Recent PhD graduate Akshay Ramachandran awarded 2022 Cheriton Distinguished Dissertation Award and 2022 Mathematics Doctoral Prize

Tuesday, April 26, 2022

Akshay Ramachandran has received two awards for his doctoral research — the 2022 Cheriton Distinguished Dissertation Award as well as second place in the 2022 Mathematics Doctoral Prize for his thesis titled “Geodesic convex analysis of group scaling for the Paulsen problem and tensor normal model.”

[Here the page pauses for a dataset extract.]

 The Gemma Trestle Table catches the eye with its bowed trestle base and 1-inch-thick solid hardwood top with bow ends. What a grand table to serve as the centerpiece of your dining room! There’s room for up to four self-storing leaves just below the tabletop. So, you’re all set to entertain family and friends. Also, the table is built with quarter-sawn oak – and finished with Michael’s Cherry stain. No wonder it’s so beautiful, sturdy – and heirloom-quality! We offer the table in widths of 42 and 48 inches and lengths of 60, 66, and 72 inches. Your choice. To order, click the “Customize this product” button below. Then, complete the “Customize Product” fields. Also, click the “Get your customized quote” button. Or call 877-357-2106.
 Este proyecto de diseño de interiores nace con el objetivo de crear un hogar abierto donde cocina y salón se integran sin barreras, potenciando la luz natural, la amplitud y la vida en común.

The Cheriton Distinguished Dissertation Award was established in 2019 to recognize excellence in computer science doctoral research at the School of Computer Science. In addition to the recognition, recipients of the award receive a cash prize of $1,000. The Mathematics Doctoral Prize, also conferred annually, recognizes the achievements of the top three graduated doctoral students in the Faculty of Mathematics. As a second-place winner of this award, Akshay will receive a $1,000 prize.

About Akshay Ramachandran and his research

Akshay was a PhD student in the Cheriton School of Computer Science’s Algorithms and Complexity group from August 2016 to October 2021, and advised by Professor Lap Chi Lau.

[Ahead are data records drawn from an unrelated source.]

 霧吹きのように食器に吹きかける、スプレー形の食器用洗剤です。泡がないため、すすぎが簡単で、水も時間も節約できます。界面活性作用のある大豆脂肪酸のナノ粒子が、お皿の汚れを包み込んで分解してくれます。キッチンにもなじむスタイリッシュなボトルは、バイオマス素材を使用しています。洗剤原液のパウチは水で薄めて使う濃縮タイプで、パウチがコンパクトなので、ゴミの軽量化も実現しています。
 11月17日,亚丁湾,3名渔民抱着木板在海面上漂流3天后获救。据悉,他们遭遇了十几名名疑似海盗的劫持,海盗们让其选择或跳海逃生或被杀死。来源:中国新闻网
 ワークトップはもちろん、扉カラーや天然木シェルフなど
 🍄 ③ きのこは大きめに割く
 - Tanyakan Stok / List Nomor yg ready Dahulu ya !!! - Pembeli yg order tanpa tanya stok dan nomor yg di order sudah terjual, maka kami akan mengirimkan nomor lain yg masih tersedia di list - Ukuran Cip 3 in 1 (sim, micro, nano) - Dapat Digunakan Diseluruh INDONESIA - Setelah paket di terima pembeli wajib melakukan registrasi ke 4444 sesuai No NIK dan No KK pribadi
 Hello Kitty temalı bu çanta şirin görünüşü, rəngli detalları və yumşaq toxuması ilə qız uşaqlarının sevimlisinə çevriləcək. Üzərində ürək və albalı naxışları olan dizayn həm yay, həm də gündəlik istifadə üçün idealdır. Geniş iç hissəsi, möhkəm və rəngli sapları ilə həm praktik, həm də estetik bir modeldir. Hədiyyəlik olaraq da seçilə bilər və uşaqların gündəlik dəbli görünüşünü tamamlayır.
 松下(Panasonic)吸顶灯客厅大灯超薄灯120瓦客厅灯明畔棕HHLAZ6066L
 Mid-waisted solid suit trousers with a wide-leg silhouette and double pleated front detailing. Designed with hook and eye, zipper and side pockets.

“Akshay’s thesis is a very significant piece of work,” said Professor Lau. “The problem is important, the result is optimal, the ideas are creative, the techniques are broad and deep, the final result is entirely on his own, and his dedication is phenomenal.”

photo of Akshay Ramachandran and Professor Lap Chi Lau

L to R: Akshay Ramachandran and his PhD advisor, Cheriton School of Computer Science Professor Lap Chi Lau.

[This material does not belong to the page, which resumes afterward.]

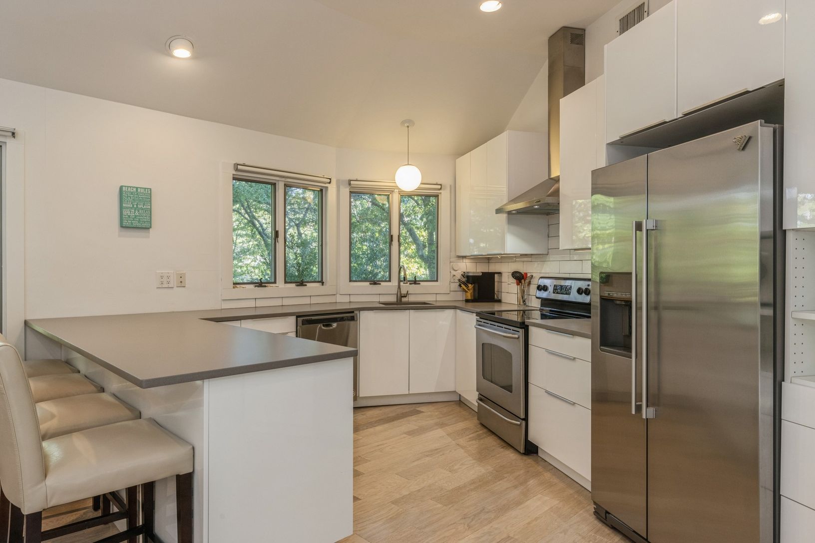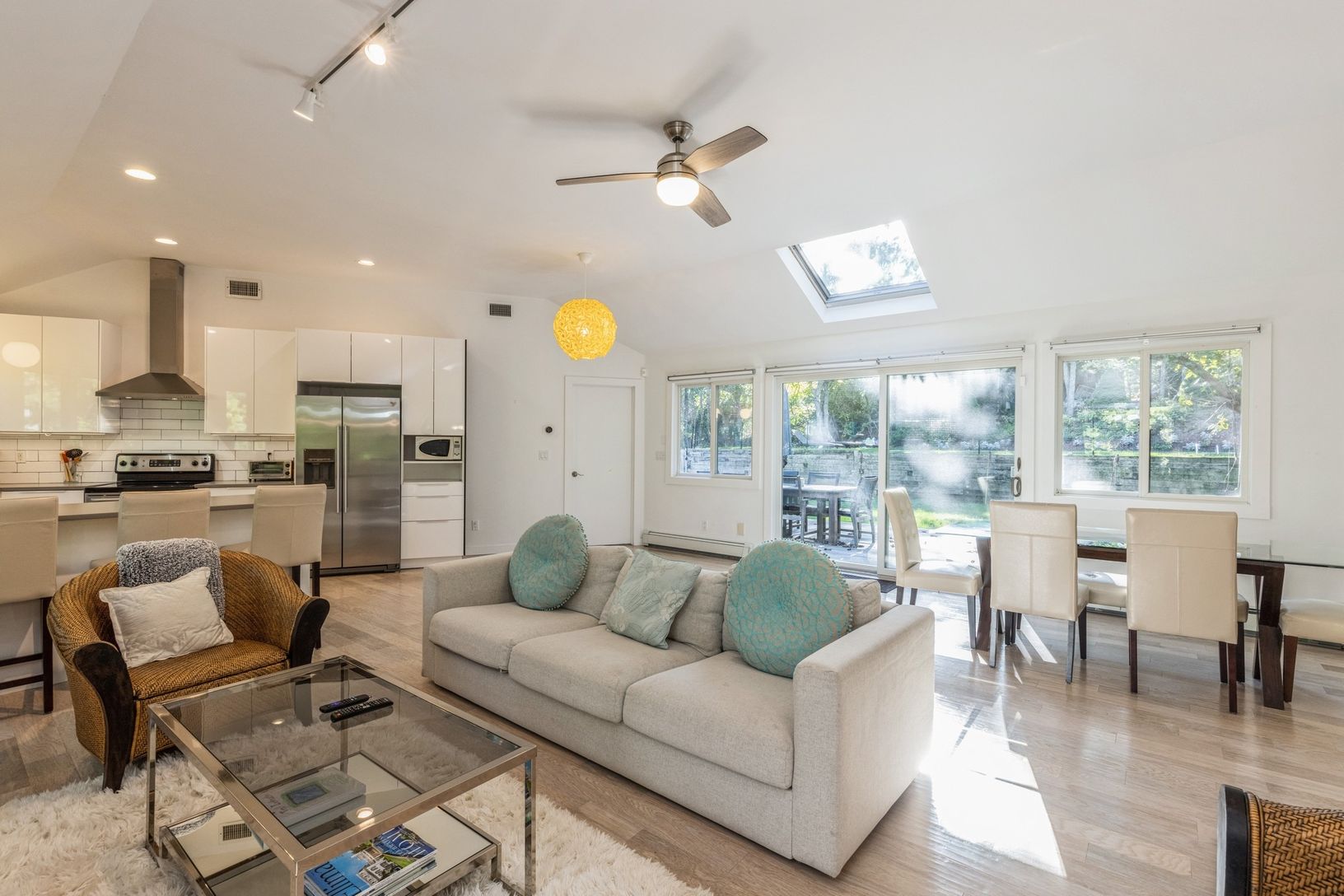On a quiet street in Sag Harbor, this recently renovated three bedroom plus home office, three bath traditional home on a just-shy half acre is beautifully finished and ready for your summer. Appointed with a new kitchen, 3 new baths, appliances and flooring. Contemporary light-filled open living areas with vaulted ceilings flow among a living room with fieldstone fireplace, eat-in kitchen with stainless steel appliances, and dining area with

Akshay is currently a postdoctoral researcher at the University of Amsterdam and Centrum Wiskunde & Informatica, the national research institute for mathematics and computer science in the Netherlands.

Akshay’s thesis presented two applications of matrix and tensor scaling methods. The framework of scaling problems has stimulated much interest in the theoretical computer science community because it has a variety of applications ranging from algebraic complexity to machine learning. Akshay first considered a basic open problem in frame theory known as the Paulsen problem, named after Pure Mathematics Professor Vern Paulsen, who coincidentally joined Waterloo’s Faculty of Mathematics around the time Akshay had begun his PhD studies.

The Paulsen problem, which had stymied mathematicians for two decades, asks whether any set of n vectors in d-dimension that forms an epsilon-nearly equal norm Parseval frame is close to an exact equal norm Parseval frame. The conjecture is that the distance between an epsilon-nearly equal norm Parseval frame and an exact equal norm Parseval frame is independent on the number of vectors n. This conjecture is the basis of a numerical approach to generate an equal norm Parseval frame, an important object in frame theory with various applications.

Akshay began working on this problem when he started his PhD studies. After more than a year of work, he, Professor Lau and their colleagues, Tsz Chiu Kwok at Waterloo and Yin Tat Lee at the University of Washington, proved that the distance is independent of the number of vectors n. The paper was accepted for presentation at STOC 2018, one of two top conferences in theoretical computer science. Further work on this problem resulted in an additional paper titled Spectral analysis of matrix scaling and operator scaling, which was accepted at FOCS 2019, the other top conference in theoretical computer science.

In the first part of his thesis, Akshay presented a principled framework, based on geodesic convexity, to improve and simplify these two results to obtain the optimal bound for the Paulsen problem. This is a deep result that required significant knowledge and Akshay’s years of effort.

In the second part of his thesis, Akshay considered the tensor normal model, research conducted jointly with his collaborators Professors Cole Franks at MIT, Rafael Oliveira at the University of Waterloo, and Michael Walter at Centrum Wiskunde & Informatica.

The problem they tackled is the following: if given a sample from a D-dimensional Gaussian whose covariance has a tensor structure, can the model be estimated by exploiting the tensor structure? Akshay and his colleagues were able to generalize their improved scaling results to higher-order tensors and give error bounds for the maximum likelihood estimator of the tensor normal model. Their sample complexity bounds are only a single dimension factor greater than necessary for the maximum likelihood estimator to exist at all. They also explained why the well-studied flip-flop algorithm performs well in practice by giving the first rigorous analysis of this algorithm, showing that it converges exponentially to the maximum likelihood estimator with high probability. This work resulted in a paper titled Near optimal sample complexity for matrix and tensor normal models via geodesic convexity.

Akshay is currently a postdoctoral researcher at the University of Amsterdam and Centrum Wiskunde & Informatica, where he collaborates with Professors Daniel Dadush and Michael Walter.